A partir daquele momento pode surgir em sua cabeça aquela emoção que você tinha originalmente lá atrás na infância quando seu pai gritava ou falava impacientemente, que, como escrevi acima, dependendo da pessoa, pode ser irritação, ansiedade, medo, tristeza, culpa, vergonha.

Se na vida atual você não parar na hora para refletir e analisar o impacto da atitude da pessoa sobre seu psiquismo (pensamento e sentimento), este fator gatilho poderá disparar estas reações em sua pessoa e qual será a consequência? Depende. Você poderá se sentir mal, perder a serenidade, poderá partir para revidar a suposta agressividade, ou se entristecerá, etc.

Nem sempre uma atitude mais firme de alguém, uma forma de falar mais dura é realmente agressividade da pessoa contra você. Mas como, no exemplo que estou dando, em seu inconsciente há as cicatrizes das feridas emocionais vividas com seu pai na infância, esta atitude atual da pessoa atinge tais cicatrizes e pode “sangrar” de novo. Ou seja, você pode sentir emoções dolorosas parecidas com as que sentiu na infância, e agora sem necessidade.

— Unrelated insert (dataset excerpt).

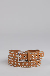 That finishing touch you didn’t know your outfit needed. This faux leather grommet-studded belt brings just the right mix of edge and polish to your everyday look.

Por que sem necessidade agora? Primeiro porque a outra pessoa pode não ter tido nenhuma intenção de lhe ferir e pode ser um jeito mais duro dela falar, e segundo porque pode ter sido somente o “susto”, o gatilho que disparou a resposta emocional exagerada porque tocou na memória da dor passada.

Então, você pode usar sua cognição, seu raciocínio, para pensar consigo mesmo, por exemplo: “Puxa! Quando aquela pessoa falou comigo aquela frase daquele jeito, isto disparou em mim uma reação emocional que me incomodou! Por que me incomodou tanto? Será que mexeu no meu passado, em alguma ferida antiga?”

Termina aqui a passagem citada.